> Aim of the exercise
Could you give the data below again exactly, apart from the pictures?

[Data records]

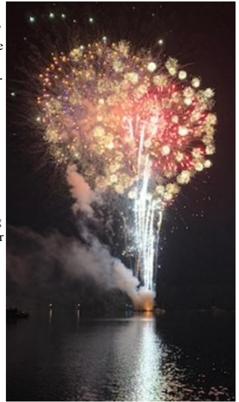
Fireworks donors, page 7
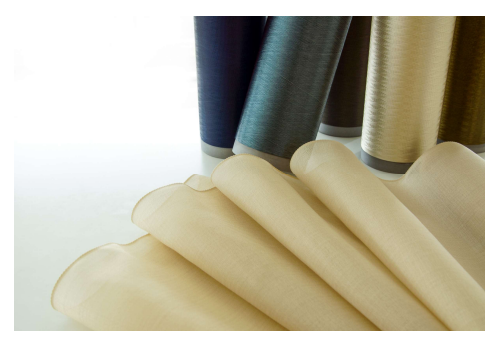
Filament yarn sample
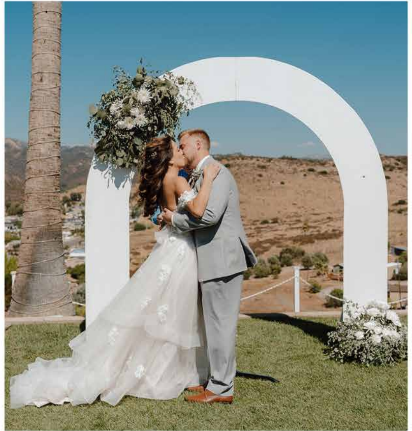
White Arch $280
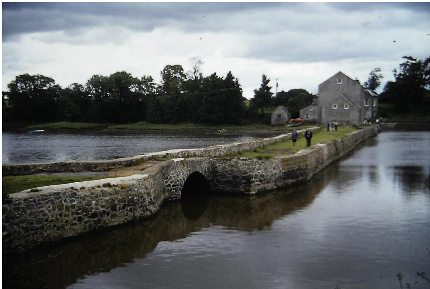
Carew Tide Mill in August 1979
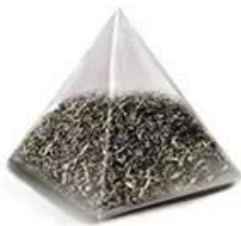
Nylon triangle tea bag
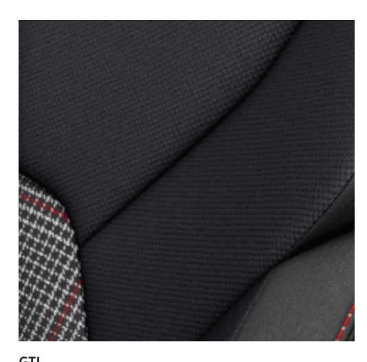
'Clark' GTI sports cloth seat upholstery
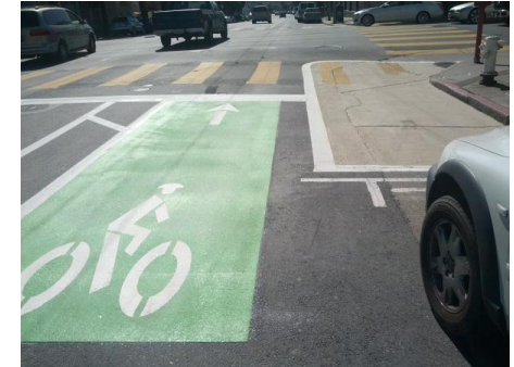
Painted Safety Zone and bicycle enhancement at Howard & 10 th
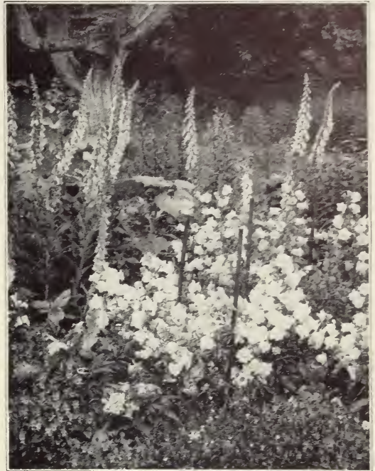
Canterbury Bells and Foxglove

Autumn Glow, pinkish-bronze. Old Homestead, pink. Victory, white. Indian, red. Golden Queen, yellow.
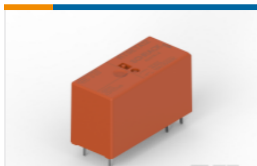
TE Part #8-1415898-6 RTSETA12
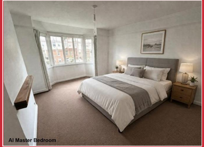
AI Master Bedroom
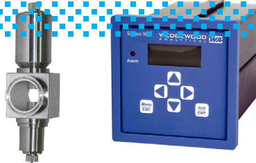
AF12 inline sensor with Model 910 analyzer
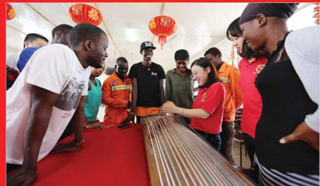
A teacher of Confucius Institute at Makerere University was showing Ugandan students how to play the zither, a Chinese traditional musical instrument.
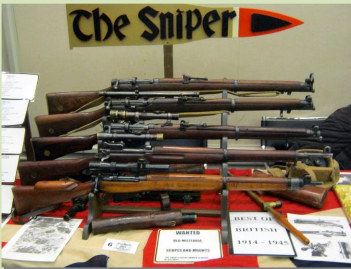
British Sniper Rifles
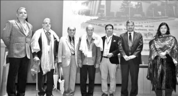
Dignitaries during the event at Katra.

The lecture was followed by a Panel discussion on contribution of Sahitya Akademi
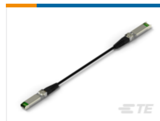
TE Part # CAT-C11-N49011 SFP28 to SFP28 Cable Assembly: 26 AWG
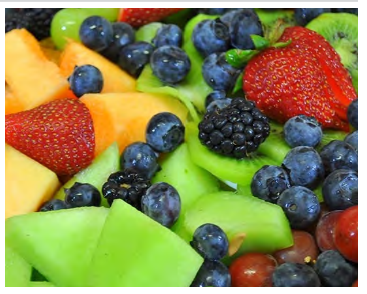
Fresh Fruit Bowl

Small Platter $40, serves 12-16 Large Platter $50, serves 25-30
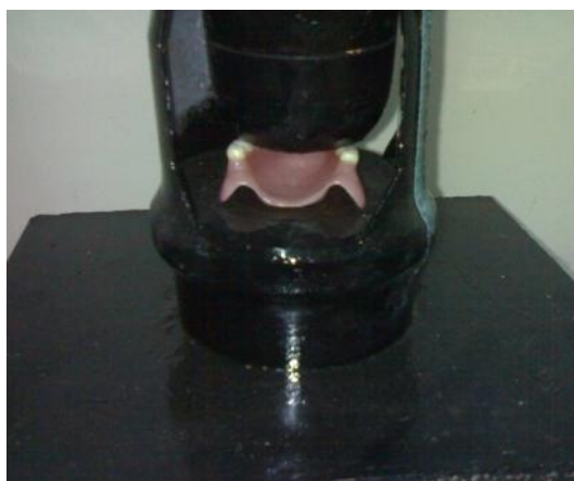
Figure (3): Denture position

radius 50 mm and a mass of 0.876 kg. the testing apparatus was placed on a flat surface. The denture was placed on the small table in the tube (Figure 3).
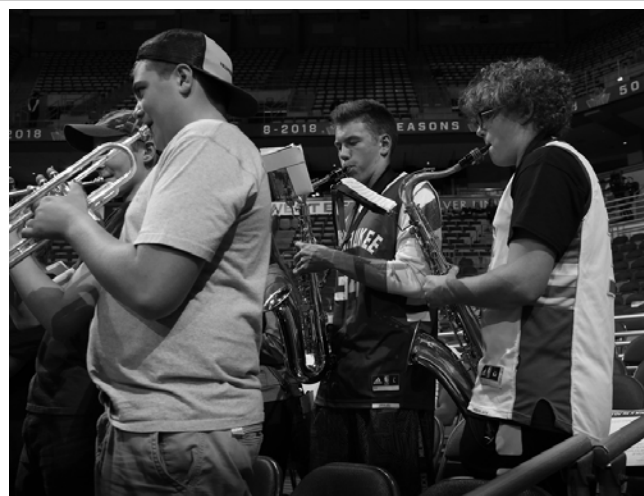
GLHS Band - Bucks Game

Chosen by GLSD teachers, these students exhibit excellence both academically and through community involvement. Each student chosen will attend meetings to learn more about Rotary International.
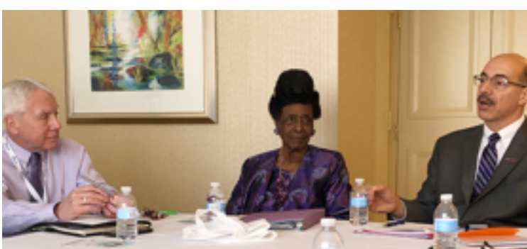
GPIC Advisory Council meeting at NHPCO's 2019 Leadership and Advocacy Conference.
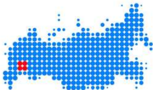
Conceptual Master Planning of Kazan Smart City Republic of Tatarstan, Russia
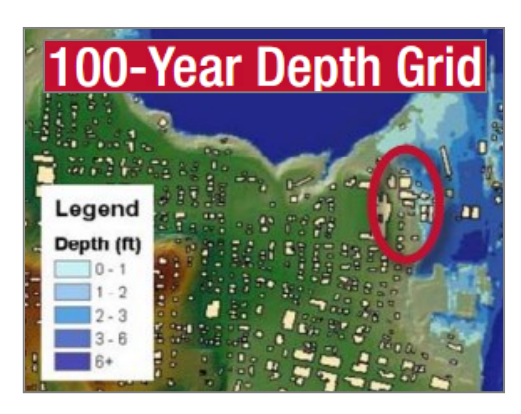
Figure 1. Example of Use of Depth Grids in Floodplain Mapping (not DeKalb County)

The detail and quality of the maps in hazard mitigation plans and comprehensive plans is an important factor in effectively demonstrating potential dangers to homes, businesses and critical facilities. This is especially true for floodplain mapping, where depth grids can indicate the potential depth of water on an individual property (see Figure 1), offering greater detail and information about potential risk. At a minimum, a community's current Flood Insurance Rate Map (FIRM) should be used in hazard mitigation planning and comprehensive planning to depict floodplains, ideally with parcels and major roads also shown on the map. identifies Special Flood Hazard Areas (SFHA), which are the areas that would be covered by waters of the base flood ("100-year flood" or ""I percent annual chance flood").
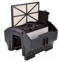
Top access to filter panel for simple maintenance.
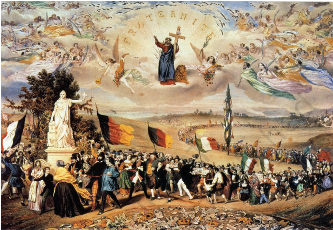
Fig. 1 – The Dream of Worldwide Democratic and Social Republics – The Pact Between Nations, a print prepared by Frédéric Sorrieu, 1848.

In 1848, Frédéric Sorrieu, a French artist, prepared a series of four prints visualising his dream of a world made up of ‘democratic and social Republics’, as he called them. The first print (Fig 1) of the series, shows the peoples of Europe and America – men and women of all ages and social classes – marching in a long train, and offering homage to the statue of Liberty as they pass by it. As you would recall, artists of the time of the French Revolution personified Liberty as a female figure – here you can recognise the torch of Enlightenment she bears in one hand and the Charter of the Rights of Man in the other. On the earth in the foreground of the image lie the shattered remains of the symbols of absolutist institutions. In Sorrieu’s utopian vision, the peoples of the world are grouped as distinct nations, identified through their flags and national costume. Leading the procession, way past the statue of Liberty, are the United States and Switzerland, which by this time were already nation-states. France,
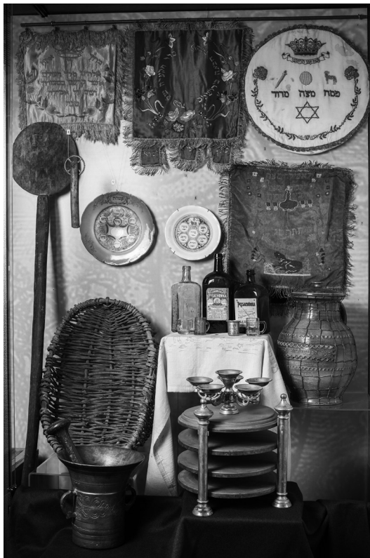
Figure 2a The Museum of Jewish History in Russia.
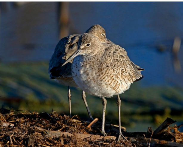
Willet at Bjorkboda Marsh in Hamilton County
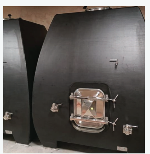
30 HL Crus.

A state of the art, computerized machine is used to accurately and consistently mix the right amounts of all necessary aggregates, cement, and water in order to guarantee a consistent and optimal mix of concrete across all tanks . For small standard tanks, the concrete is poured inside of molds and allowed to cure. For larger tanks, rebar and reinforced steel is used to provide structural support to the tank.
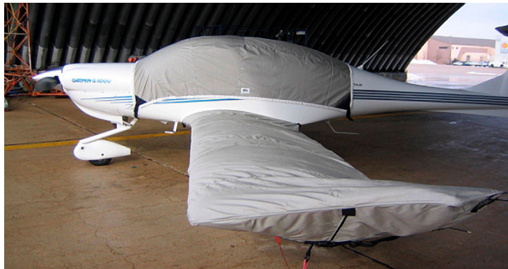
Diamond DA-40 Canopy & Wing Covers

This cover type is made from Silver Acrylic Sunbrella canvas and is 100% lined with a soft and smooth microfiber. Bruce's Custom Covers developed this material combination especially for aircraft protection. The outer material is medium weight and treated for water resistance, UV resistance and anti-static buildup. The inner lining is a very soft and smooth microfiber to prevent scratching. The material is very reflective, and tests show that the cabin interior temperature can be reduced to near-ambient temperature on the hottest of days. It is water, ice and snow repellent, yet breathable to allow moisture to escape from between the cover and the aircraft surface.
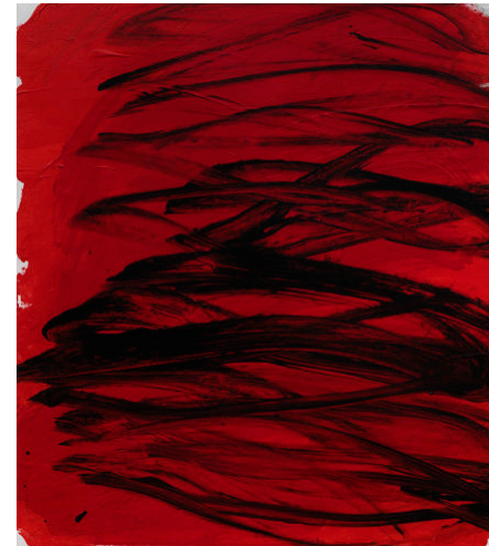
Warialda (Wave) 2025, 71 x 64 cm

Cover Image: Cardenio 2024, 71 x 64 cm All artworks are graphite & acrylic on canvas

> Answer space
Fireworks donors, page 7
Filament yarn sample
White Arch $280
Carew Tide Mill in August 1979
Nylon triangle tea bag
'Clark' GTI sports cloth seat upholstery
Painted Safety Zone and bicycle enhancement at Howard & 10 th
Canterbury Bells and Foxglove

Autumn Glow, pinkish-bronze. Old Homestead, pink. Victory, white. Indian, red. Golden Queen, yellow.
TE Part #8-1415898-6 RTSETA12
AI Master Bedroom
AF12 inline sensor with Model 910 analyzer
A teacher of Confucius Institute at Makerere University was showing Ugandan students how to play the zither, a Chinese traditional musical instrument.
British Sniper Rifles
Dignitaries during the event at Katra.

The lecture was followed by a Panel discussion on contribution of Sahitya Akademi
TE Part # CAT-C11-N49011 SFP28 to SFP28 Cable Assembly: 26 AWG
Fresh Fruit Bowl

Small Platter $40, serves 12-16 Large Platter $50, serves 25-30
Figure (3): Denture position

radius 50 mm and a mass of 0.876 kg. the testing apparatus was placed on a flat surface. The denture was placed on the small table in the tube (Figure 3).
GLHS Band - Bucks Game

Chosen by GLSD teachers, these students exhibit excellence both academically and through community involvement. Each student chosen will attend meetings to learn more about Rotary International.
GPIC Advisory Council meeting at NHPCO's 2019 Leadership and Advocacy Conference.
Conceptual Master Planning of Kazan Smart City Republic of Tatarstan, Russia
Figure 1. Example of Use of Depth Grids in Floodplain Mapping (not DeKalb County)

The detail and quality of the maps in hazard mitigation plans and comprehensive plans is an important factor in effectively demonstrating potential dangers to homes, businesses and critical facilities. This is especially true for floodplain mapping, where depth grids can indicate the potential depth of water on an individual property (see Figure 1), offering greater detail and information about potential risk. At a minimum, a community's current Flood Insurance Rate Map (FIRM) should be used in hazard mitigation planning and comprehensive planning to depict floodplains, ideally with parcels and major roads also shown on the map. identifies Special Flood Hazard Areas (SFHA), which are the areas that would be covered by waters of the base flood ("100-year flood" or ""I percent annual chance flood").
Top access to filter panel for simple maintenance.
Fig. 1 – The Dream of Worldwide Democratic and Social Republics – The Pact Between Nations, a print prepared by Frédéric Sorrieu, 1848.

In 1848, Frédéric Sorrieu, a French artist, prepared a series of four prints visualising his dream of a world made up of ‘democratic and social Republics’, as he called them. The first print (Fig 1) of the series, shows the peoples of Europe and America – men and women of all ages and social classes – marching in a long train, and offering homage to the statue of Liberty as they pass by it. As you would recall, artists of the time of the French Revolution personified Liberty as a female figure – here you can recognise the torch of Enlightenment she bears in one hand and the Charter of the Rights of Man in the other. On the earth in the foreground of the image lie the shattered remains of the symbols of absolutist institutions. In Sorrieu’s utopian vision, the peoples of the world are grouped as distinct nations, identified through their flags and national costume. Leading the procession, way past the statue of Liberty, are the United States and Switzerland, which by this time were already nation-states. France,
Figure 2a The Museum of Jewish History in Russia.
Willet at Bjorkboda Marsh in Hamilton County
30 HL Crus.

A state of the art, computerized machine is used to accurately and consistently mix the right amounts of all necessary aggregates, cement, and water in order to guarantee a consistent and optimal mix of concrete across all tanks . For small standard tanks, the concrete is poured inside of molds and allowed to cure. For larger tanks, rebar and reinforced steel is used to provide structural support to the tank.
Diamond DA-40 Canopy & Wing Covers

This cover type is made from Silver Acrylic Sunbrella canvas and is 100% lined with a soft and smooth microfiber. Bruce's Custom Covers developed this material combination especially for aircraft protection. The outer material is medium weight and treated for water resistance, UV resistance and anti-static buildup. The inner lining is a very soft and smooth microfiber to prevent scratching. The material is very reflective, and tests show that the cabin interior temperature can be reduced to near-ambient temperature on the hottest of days. It is water, ice and snow repellent, yet breathable to allow moisture to escape from between the cover and the aircraft surface.
Warialda (Wave) 2025, 71 x 64 cm

Cover Image: Cardenio 2024, 71 x 64 cm All artworks are graphite & acrylic on canvas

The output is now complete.